▸ **Data for this exercise**:
⟨

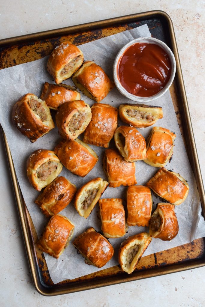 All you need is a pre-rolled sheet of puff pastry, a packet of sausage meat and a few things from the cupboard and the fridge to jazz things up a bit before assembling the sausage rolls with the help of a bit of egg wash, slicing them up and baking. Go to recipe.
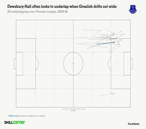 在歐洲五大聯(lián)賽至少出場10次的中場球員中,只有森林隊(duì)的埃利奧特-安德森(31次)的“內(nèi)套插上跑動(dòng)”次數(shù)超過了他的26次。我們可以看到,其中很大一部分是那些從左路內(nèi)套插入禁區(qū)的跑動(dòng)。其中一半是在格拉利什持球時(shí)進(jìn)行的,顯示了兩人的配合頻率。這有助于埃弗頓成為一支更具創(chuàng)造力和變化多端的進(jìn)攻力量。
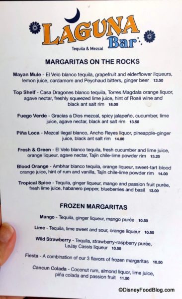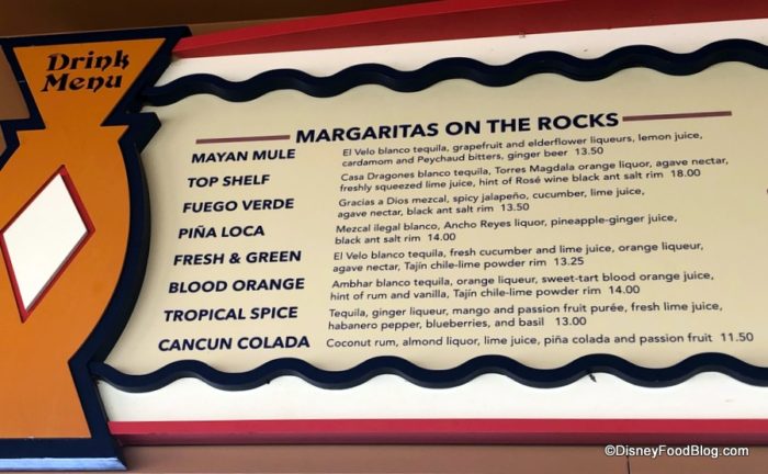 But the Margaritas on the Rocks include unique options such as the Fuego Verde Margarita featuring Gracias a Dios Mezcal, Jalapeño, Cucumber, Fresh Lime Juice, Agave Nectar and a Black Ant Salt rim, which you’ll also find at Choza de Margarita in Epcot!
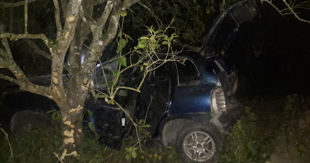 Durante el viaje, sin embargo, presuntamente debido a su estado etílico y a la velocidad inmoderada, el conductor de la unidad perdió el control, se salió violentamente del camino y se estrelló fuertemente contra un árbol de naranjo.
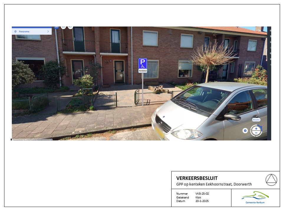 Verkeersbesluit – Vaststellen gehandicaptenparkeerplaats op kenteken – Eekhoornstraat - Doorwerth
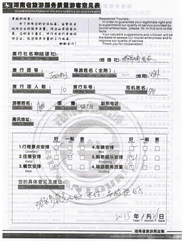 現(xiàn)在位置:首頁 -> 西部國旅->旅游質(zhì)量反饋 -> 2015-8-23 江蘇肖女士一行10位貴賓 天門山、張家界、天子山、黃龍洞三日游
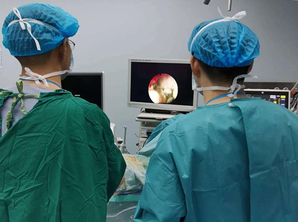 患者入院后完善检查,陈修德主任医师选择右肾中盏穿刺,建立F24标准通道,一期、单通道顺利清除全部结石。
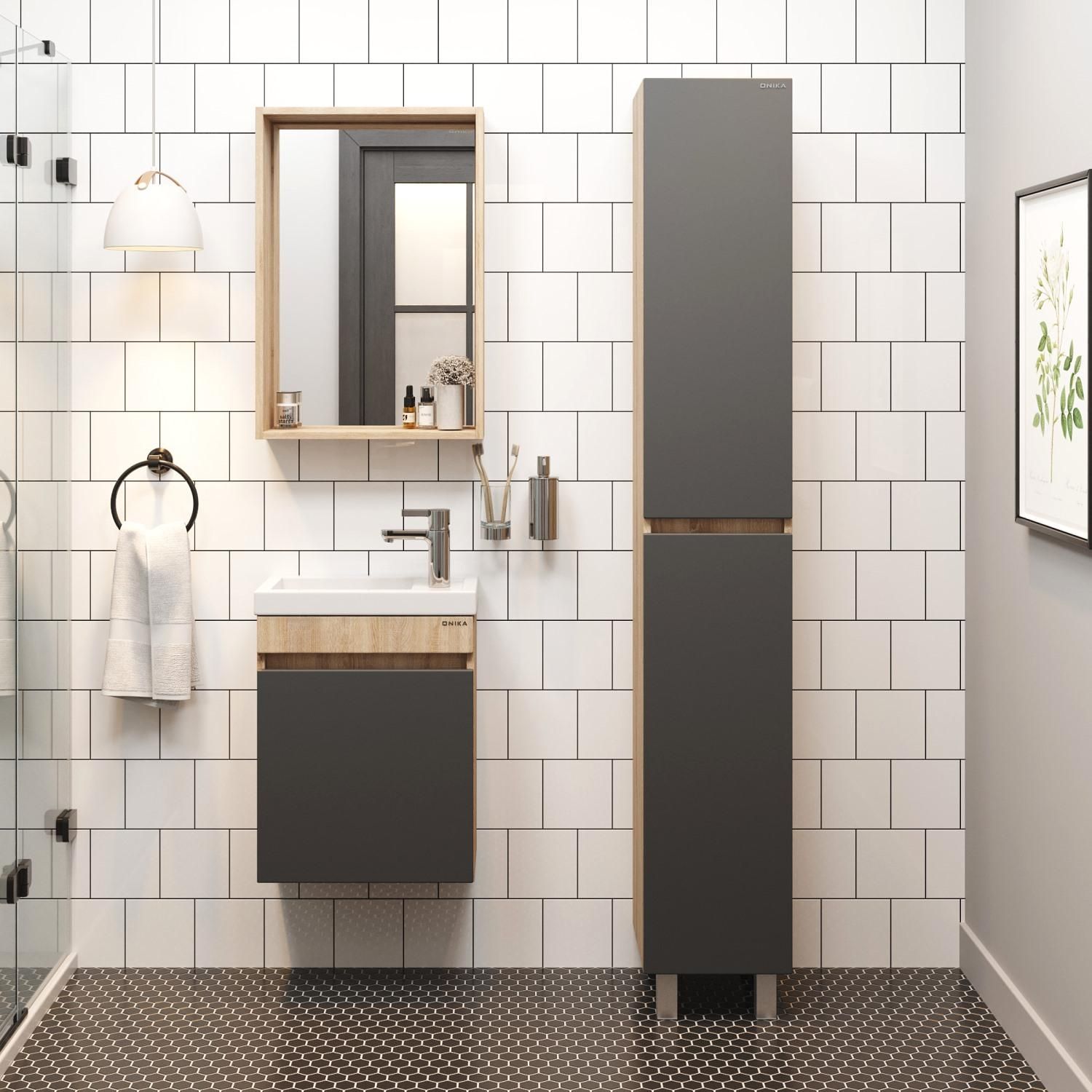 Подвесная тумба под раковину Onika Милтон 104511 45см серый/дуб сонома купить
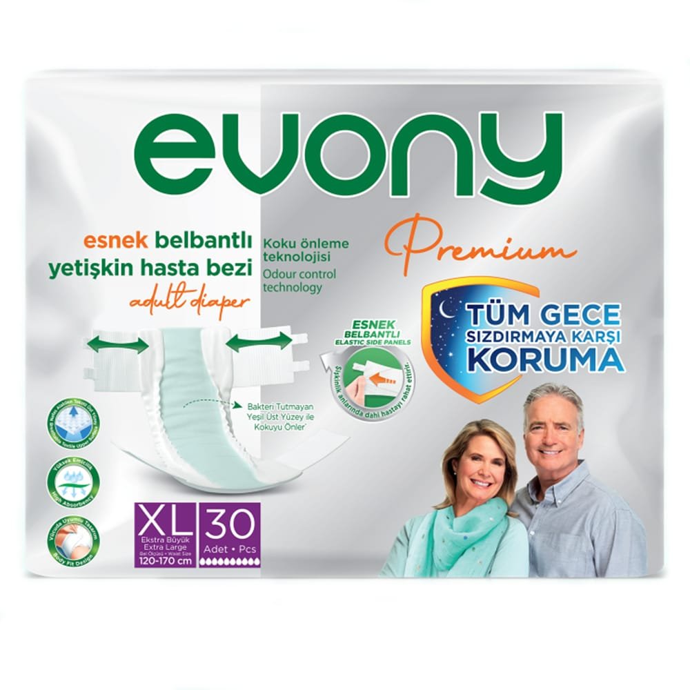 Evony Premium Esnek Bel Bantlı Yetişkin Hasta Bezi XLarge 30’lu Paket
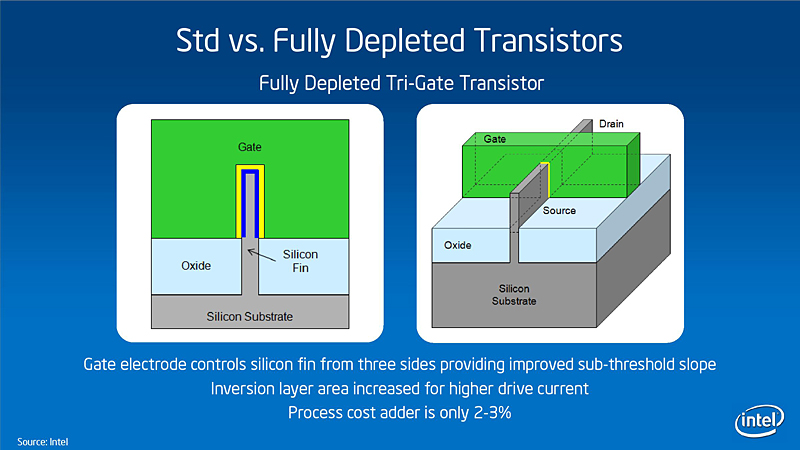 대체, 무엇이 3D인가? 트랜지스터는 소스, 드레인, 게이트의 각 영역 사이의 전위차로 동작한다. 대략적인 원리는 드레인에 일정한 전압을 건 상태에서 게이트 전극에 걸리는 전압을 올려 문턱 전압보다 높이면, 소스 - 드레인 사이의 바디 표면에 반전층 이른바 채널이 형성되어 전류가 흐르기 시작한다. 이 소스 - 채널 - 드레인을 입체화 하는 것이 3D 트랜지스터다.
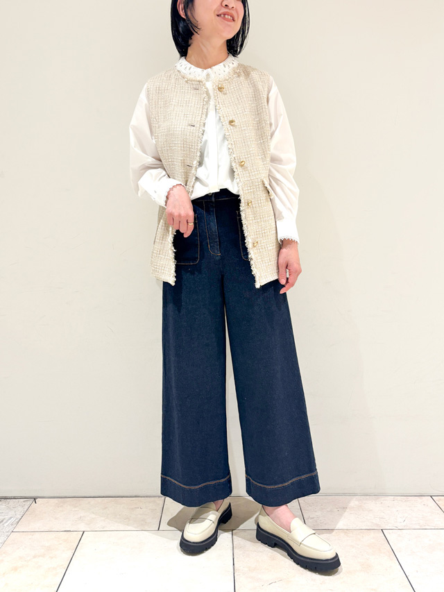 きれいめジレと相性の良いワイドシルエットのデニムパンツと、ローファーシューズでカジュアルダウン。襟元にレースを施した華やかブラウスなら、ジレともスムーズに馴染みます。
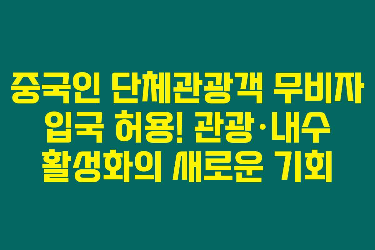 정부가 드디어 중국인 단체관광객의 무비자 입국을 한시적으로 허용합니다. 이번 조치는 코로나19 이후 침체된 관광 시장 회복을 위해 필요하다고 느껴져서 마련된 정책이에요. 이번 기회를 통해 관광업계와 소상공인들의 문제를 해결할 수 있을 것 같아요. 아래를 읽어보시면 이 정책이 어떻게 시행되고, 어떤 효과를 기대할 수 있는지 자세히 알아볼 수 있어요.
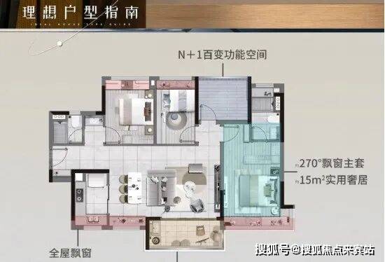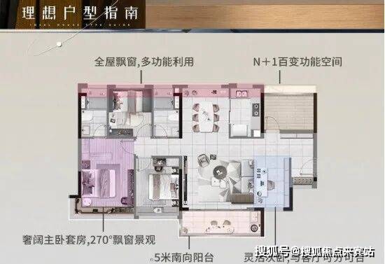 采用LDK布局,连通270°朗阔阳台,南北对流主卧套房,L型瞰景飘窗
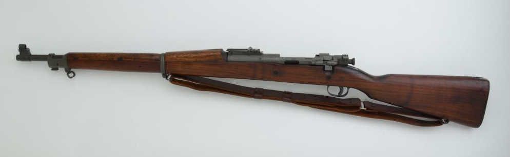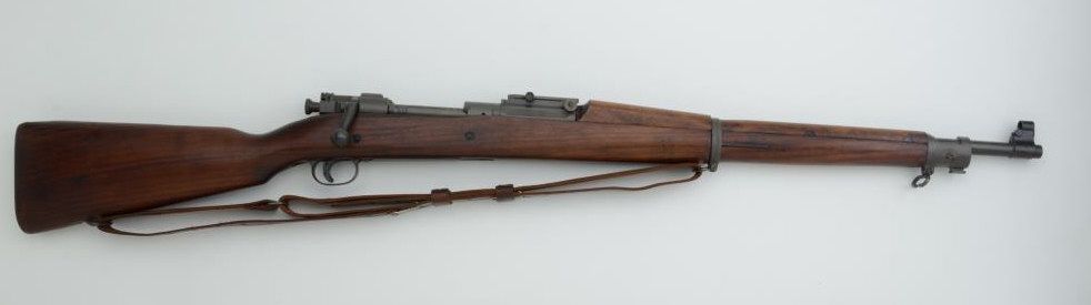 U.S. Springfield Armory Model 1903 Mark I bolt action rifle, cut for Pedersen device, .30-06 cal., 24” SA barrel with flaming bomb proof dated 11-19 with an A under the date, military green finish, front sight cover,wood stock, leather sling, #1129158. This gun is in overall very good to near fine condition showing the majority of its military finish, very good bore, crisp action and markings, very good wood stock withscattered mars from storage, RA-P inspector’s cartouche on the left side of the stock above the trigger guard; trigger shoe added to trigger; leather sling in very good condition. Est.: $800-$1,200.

⟩

Nothing but an exact copy belongs in the answer: the lines from the top of the records through the line containing "But the Margaritas", minus the pictures.

 All you need is a pre-rolled sheet of puff pastry, a packet of sausage meat and a few things from the cupboard and the fridge to jazz things up a bit before assembling the sausage rolls with the help of a bit of egg wash, slicing them up and baking. Go to recipe.
 在歐洲五大聯(lián)賽至少出場10次的中場球員中,只有森林隊(duì)的埃利奧特-安德森(31次)的“內(nèi)套插上跑動(dòng)”次數(shù)超過了他的26次。我們可以看到,其中很大一部分是那些從左路內(nèi)套插入禁區(qū)的跑動(dòng)。其中一半是在格拉利什持球時(shí)進(jìn)行的,顯示了兩人的配合頻率。這有助于埃弗頓成為一支更具創(chuàng)造力和變化多端的進(jìn)攻力量。
 But the Margaritas on the Rocks include unique options such as the Fuego Verde Margarita featuring Gracias a Dios Mezcal, Jalapeño, Cucumber, Fresh Lime Juice, Agave Nectar and a Black Ant Salt rim, which you’ll also find at Choza de Margarita in Epcot!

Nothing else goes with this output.